The records:
┌──

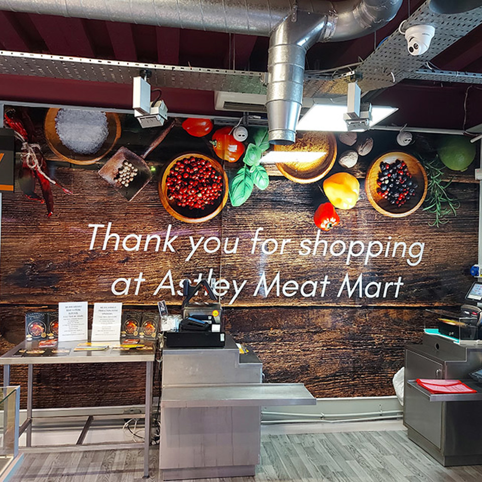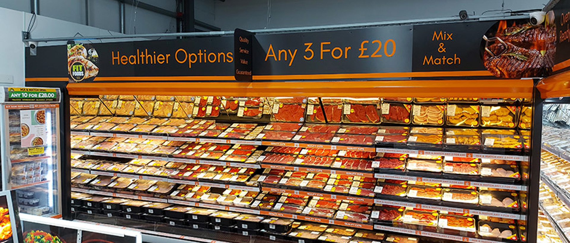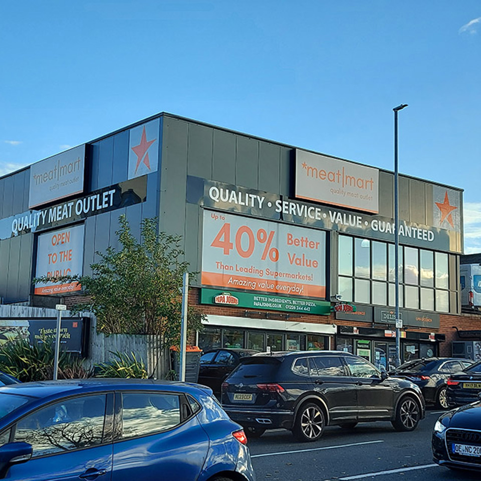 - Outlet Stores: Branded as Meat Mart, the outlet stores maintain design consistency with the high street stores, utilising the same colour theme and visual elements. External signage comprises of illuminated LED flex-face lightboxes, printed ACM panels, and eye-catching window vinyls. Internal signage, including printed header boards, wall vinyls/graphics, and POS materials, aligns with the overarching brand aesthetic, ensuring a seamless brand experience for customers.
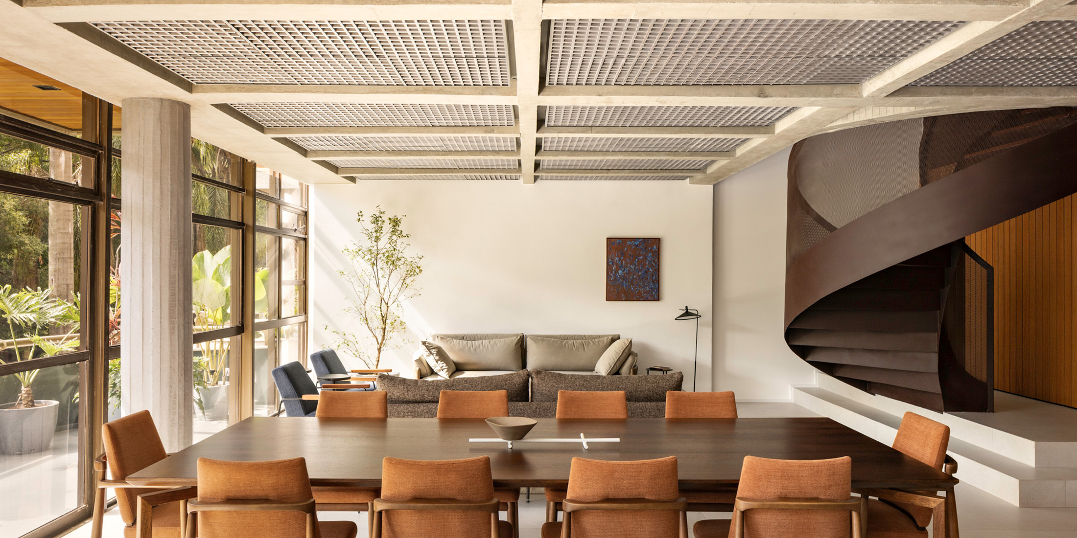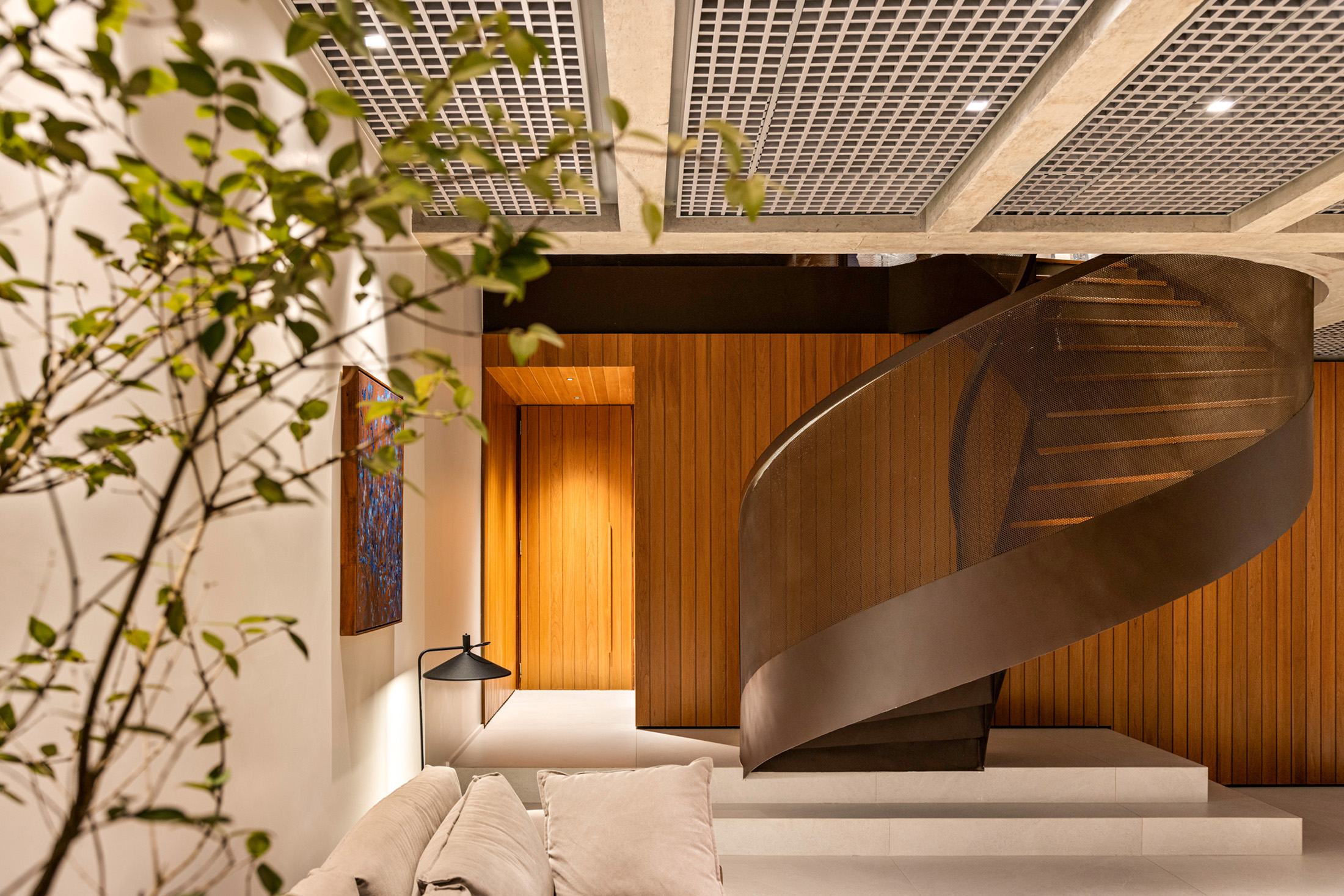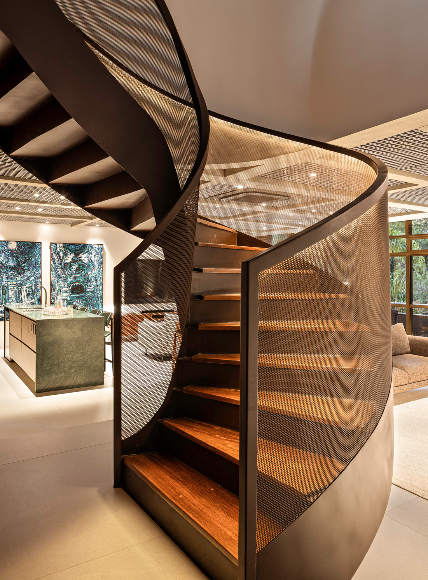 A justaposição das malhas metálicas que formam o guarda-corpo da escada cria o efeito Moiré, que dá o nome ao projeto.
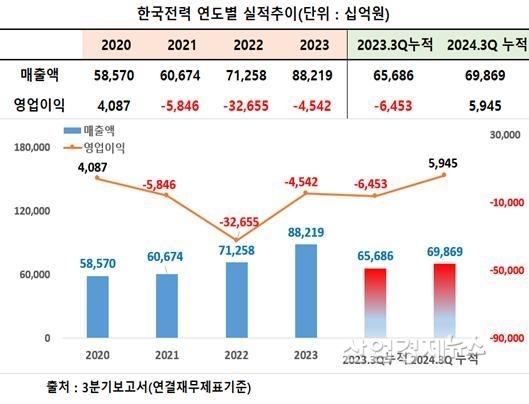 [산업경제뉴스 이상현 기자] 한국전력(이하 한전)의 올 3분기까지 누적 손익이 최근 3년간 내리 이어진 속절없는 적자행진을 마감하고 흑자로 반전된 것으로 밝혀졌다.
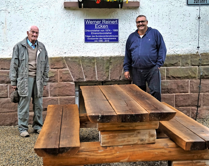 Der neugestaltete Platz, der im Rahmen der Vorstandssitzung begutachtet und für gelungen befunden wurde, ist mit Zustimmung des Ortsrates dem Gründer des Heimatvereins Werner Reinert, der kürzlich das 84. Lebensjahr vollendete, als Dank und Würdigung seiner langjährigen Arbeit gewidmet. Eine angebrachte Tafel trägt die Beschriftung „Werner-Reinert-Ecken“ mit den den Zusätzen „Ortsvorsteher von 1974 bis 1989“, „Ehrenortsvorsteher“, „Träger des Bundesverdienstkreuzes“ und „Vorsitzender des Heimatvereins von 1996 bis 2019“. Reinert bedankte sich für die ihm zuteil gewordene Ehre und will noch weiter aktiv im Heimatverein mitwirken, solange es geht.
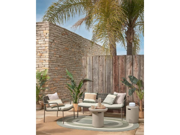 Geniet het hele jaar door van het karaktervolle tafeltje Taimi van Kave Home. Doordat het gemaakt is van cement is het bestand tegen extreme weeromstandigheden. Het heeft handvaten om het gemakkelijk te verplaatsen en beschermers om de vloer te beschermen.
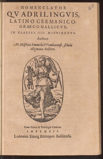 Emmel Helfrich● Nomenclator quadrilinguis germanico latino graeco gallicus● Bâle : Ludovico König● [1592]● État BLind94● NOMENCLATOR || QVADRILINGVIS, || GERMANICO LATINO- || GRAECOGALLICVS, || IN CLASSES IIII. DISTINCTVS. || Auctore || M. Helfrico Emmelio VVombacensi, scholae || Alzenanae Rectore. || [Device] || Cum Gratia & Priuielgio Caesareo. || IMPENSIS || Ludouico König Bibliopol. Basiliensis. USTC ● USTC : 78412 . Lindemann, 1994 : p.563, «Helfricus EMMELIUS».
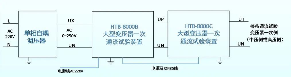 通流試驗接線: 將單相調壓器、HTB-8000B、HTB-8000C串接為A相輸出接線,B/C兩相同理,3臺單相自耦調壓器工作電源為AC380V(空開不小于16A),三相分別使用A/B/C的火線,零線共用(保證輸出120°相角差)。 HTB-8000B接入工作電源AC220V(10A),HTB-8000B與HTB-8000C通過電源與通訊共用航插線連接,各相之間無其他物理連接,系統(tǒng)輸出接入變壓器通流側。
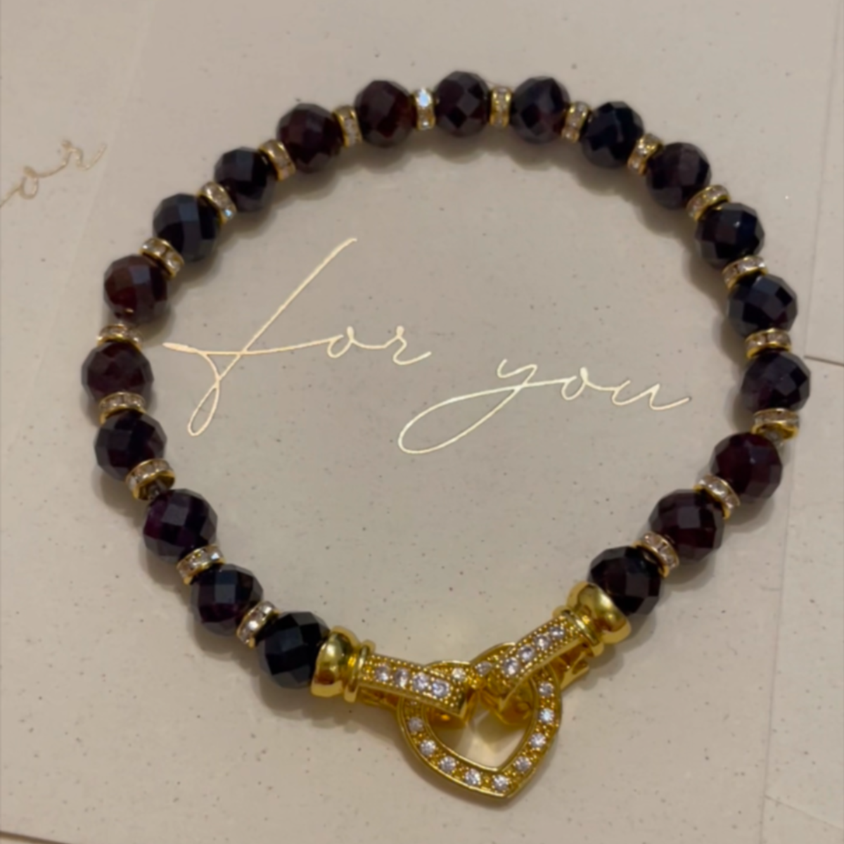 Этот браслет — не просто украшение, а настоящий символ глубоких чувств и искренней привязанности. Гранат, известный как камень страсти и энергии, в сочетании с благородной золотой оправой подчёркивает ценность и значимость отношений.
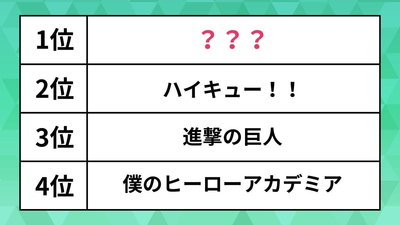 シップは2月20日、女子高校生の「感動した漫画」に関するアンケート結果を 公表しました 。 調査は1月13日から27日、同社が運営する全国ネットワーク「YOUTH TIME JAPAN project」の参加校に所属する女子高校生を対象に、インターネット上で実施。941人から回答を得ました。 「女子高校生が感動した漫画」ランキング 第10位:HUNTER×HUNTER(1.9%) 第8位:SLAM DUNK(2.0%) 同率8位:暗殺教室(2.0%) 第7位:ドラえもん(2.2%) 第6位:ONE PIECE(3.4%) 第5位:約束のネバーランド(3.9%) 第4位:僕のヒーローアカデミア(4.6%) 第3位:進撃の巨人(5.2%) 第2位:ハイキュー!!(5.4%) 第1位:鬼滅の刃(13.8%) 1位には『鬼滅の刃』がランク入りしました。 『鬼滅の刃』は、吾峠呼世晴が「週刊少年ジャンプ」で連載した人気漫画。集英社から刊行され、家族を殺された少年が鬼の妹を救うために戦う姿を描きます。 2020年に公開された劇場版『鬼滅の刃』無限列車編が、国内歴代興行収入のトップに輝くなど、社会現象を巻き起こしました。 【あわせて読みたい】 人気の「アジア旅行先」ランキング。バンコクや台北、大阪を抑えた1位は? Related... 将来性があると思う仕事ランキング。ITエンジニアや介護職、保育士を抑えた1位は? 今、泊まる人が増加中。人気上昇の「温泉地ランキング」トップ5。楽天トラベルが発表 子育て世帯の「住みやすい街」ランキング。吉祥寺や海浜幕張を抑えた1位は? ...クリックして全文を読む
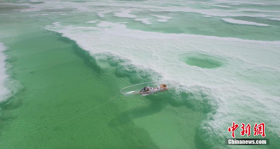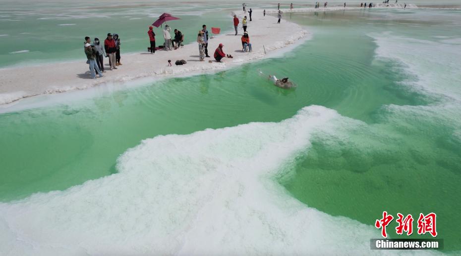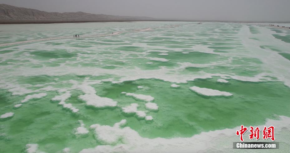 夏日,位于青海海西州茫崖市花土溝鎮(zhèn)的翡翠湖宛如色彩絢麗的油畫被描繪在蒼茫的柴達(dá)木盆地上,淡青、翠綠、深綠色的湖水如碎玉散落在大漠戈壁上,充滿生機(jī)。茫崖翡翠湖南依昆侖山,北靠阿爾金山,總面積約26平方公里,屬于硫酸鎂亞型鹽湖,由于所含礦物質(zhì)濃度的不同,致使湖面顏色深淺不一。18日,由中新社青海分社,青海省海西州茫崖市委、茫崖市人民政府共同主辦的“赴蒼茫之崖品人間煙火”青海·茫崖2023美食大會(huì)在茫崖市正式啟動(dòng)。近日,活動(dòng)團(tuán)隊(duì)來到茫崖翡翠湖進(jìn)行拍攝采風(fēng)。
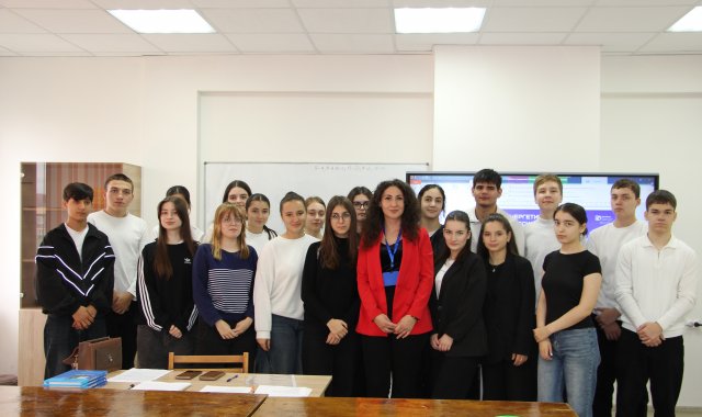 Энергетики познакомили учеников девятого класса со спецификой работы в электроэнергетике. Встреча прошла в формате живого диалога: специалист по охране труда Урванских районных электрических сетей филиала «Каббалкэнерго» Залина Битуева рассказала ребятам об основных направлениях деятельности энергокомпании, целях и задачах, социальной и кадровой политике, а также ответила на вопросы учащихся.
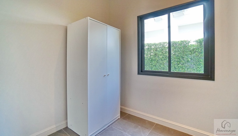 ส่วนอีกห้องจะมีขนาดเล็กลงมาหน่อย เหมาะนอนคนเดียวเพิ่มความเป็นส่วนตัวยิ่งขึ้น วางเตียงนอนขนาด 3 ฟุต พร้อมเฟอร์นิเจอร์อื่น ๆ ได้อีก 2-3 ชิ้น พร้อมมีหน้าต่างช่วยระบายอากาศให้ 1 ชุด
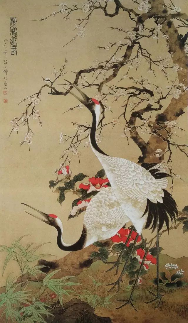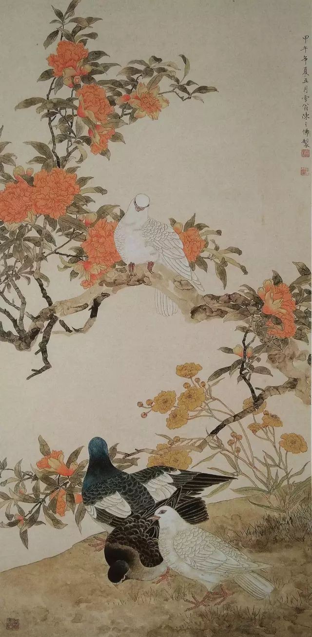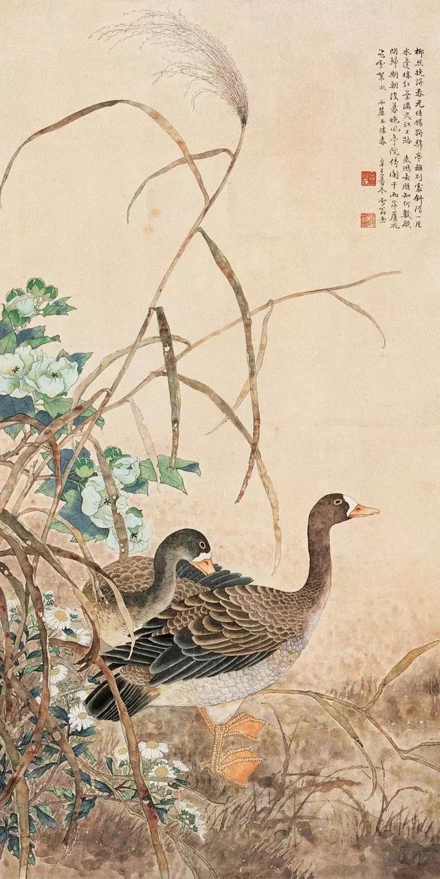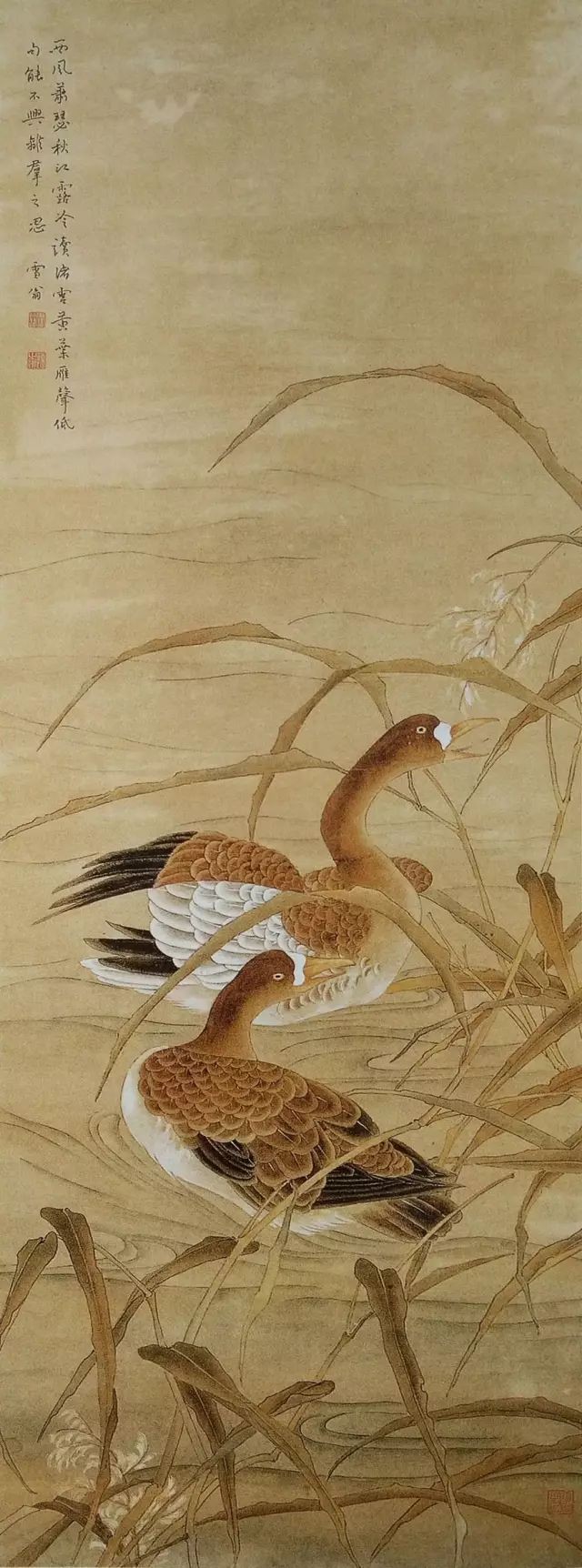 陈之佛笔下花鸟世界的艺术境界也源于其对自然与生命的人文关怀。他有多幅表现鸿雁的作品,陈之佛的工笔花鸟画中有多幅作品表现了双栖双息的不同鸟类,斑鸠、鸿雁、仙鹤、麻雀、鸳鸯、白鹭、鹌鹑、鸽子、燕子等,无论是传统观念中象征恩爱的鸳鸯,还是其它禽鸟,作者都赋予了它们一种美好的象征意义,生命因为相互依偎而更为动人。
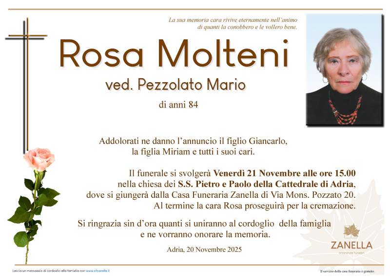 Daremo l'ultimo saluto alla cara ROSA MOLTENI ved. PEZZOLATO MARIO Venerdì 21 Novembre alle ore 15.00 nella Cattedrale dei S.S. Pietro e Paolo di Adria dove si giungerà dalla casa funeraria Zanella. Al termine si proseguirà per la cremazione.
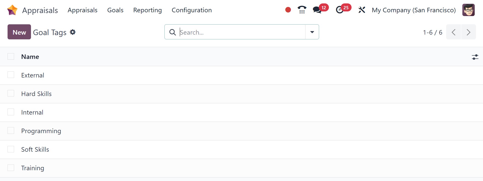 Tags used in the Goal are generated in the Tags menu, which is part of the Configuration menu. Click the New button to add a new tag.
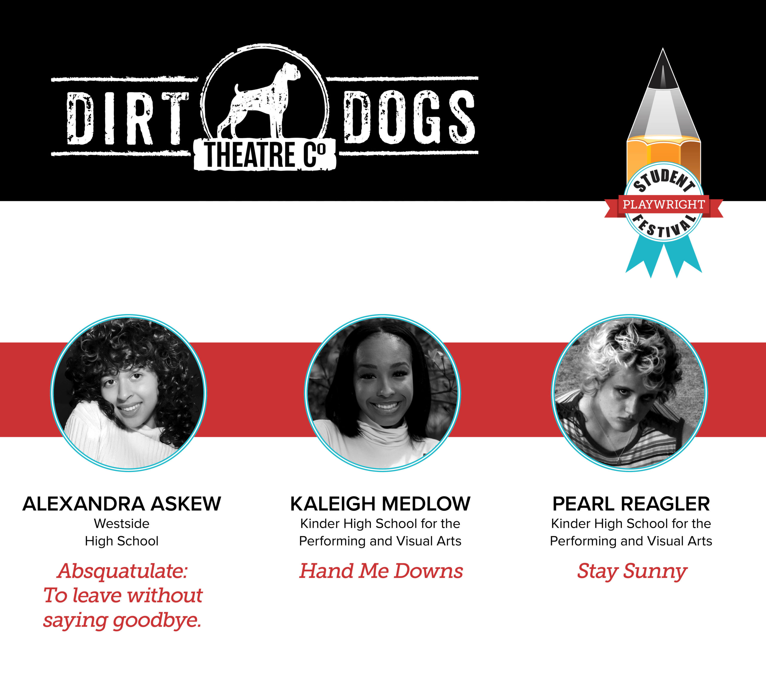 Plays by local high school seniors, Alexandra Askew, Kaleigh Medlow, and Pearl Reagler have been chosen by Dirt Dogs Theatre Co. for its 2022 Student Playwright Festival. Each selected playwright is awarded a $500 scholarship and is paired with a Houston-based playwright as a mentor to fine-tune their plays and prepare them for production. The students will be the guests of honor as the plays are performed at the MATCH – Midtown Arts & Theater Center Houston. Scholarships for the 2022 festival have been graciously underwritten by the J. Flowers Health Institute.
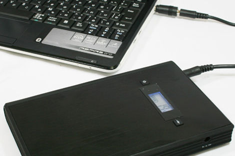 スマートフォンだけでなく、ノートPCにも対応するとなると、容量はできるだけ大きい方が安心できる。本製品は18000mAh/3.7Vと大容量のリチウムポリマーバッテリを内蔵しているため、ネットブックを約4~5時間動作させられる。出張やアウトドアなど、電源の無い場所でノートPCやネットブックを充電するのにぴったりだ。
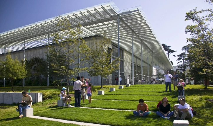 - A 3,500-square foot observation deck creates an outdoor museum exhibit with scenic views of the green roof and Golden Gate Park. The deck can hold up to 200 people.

└──

To do: Write out exactly and only the lines that run from the start of the data above through the line containing "[산업경제뉴스 이상현 기자]", leaving the pictures out.

Exercise solution:
 - Outlet Stores: Branded as Meat Mart, the outlet stores maintain design consistency with the high street stores, utilising the same colour theme and visual elements. External signage comprises of illuminated LED flex-face lightboxes, printed ACM panels, and eye-catching window vinyls. Internal signage, including printed header boards, wall vinyls/graphics, and POS materials, aligns with the overarching brand aesthetic, ensuring a seamless brand experience for customers.
 A justaposição das malhas metálicas que formam o guarda-corpo da escada cria o efeito Moiré, que dá o nome ao projeto.
 [산업경제뉴스 이상현 기자] 한국전력(이하 한전)의 올 3분기까지 누적 손익이 최근 3년간 내리 이어진 속절없는 적자행진을 마감하고 흑자로 반전된 것으로 밝혀졌다.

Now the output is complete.